Maar de laatste nieuwe uitvinding in pakweg de landbouwwetenschappen zal wel mee bepalen wat ze op hun bord krijgen. Als we een positiever klimaat zouden creëren voor wetenschapskenners, zullen er meer mensen in staat zijn om kritisch in dialoog te treden met wetenschappers. Net door hun vertrouwdheid met een bepaald domein is de kans groter dat ze informatie kritisch evalueren en slecht onderbouwde stellingen of blinde dogmatiek herkennen. Ze kunnen wetenschappers ook aanmoedigen om zich meer bewust te zijn van de normatieve keuzes die ze maken met betrekking tot wat belangrijk en wat bijzaak is.

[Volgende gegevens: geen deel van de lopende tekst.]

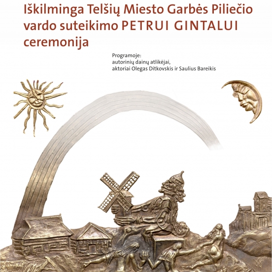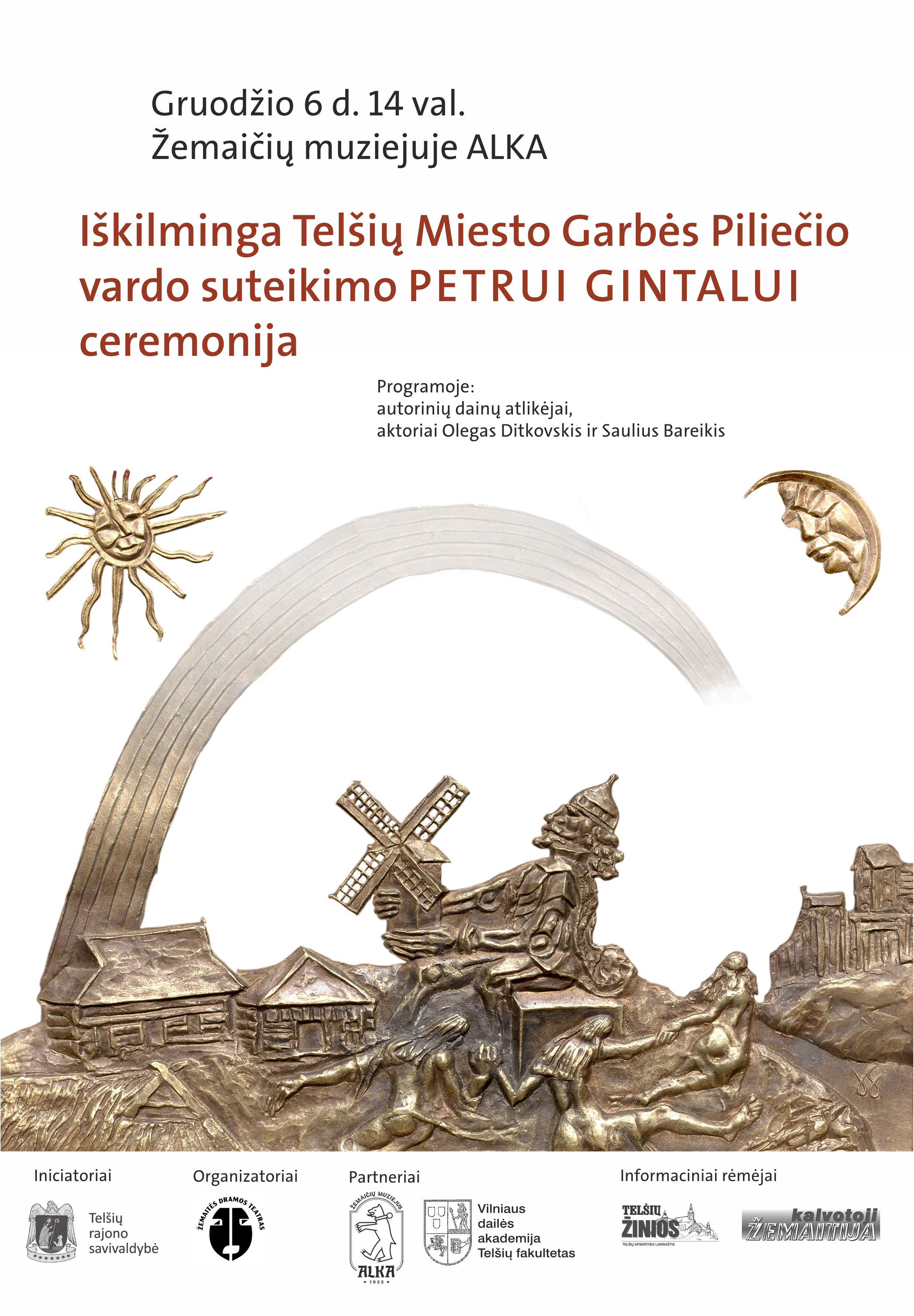 Gruodžio 6 d. 14 val. Žemaičių muziejuje „Alka“ vyks iškilminga Telšių miesto Garbės piliečio vardo suteikimo Petrui Gintalui ceremonija ir parodos „Petras Gintalas: tarp meno ir poezijos“ atidarymas.

Wetenschappelijk verpakte propaganda

Draulans wil graag dat “wetenschappers meer wegen op het maatschappelijk debat, zodat het niet gekaapt kan worden door mensen die met veel minder inzicht stellingen verkopen die gemakkelijk geslikt worden”. Dat is een terechte bezorgdheid. Te meer nu onderzoeks- en private belangen steeds nauwer verweven zijn en internet de mogelijkheden voor wetenschappelijk verpakte propaganda eindeloos vergroot, hebben onderzoekers nood aan kritische medestanders. Onbegrip projecteren op het gebrek aan kennis van journalisten of de hardleersheid van mensen is een optie, maar of dat meer begrip zal opleveren is weinig waarschijnlijk. De vraag naar zelfreflectie dringt zich op. Welke relatie onderhouden wetenschappers zelf met de wetenschap?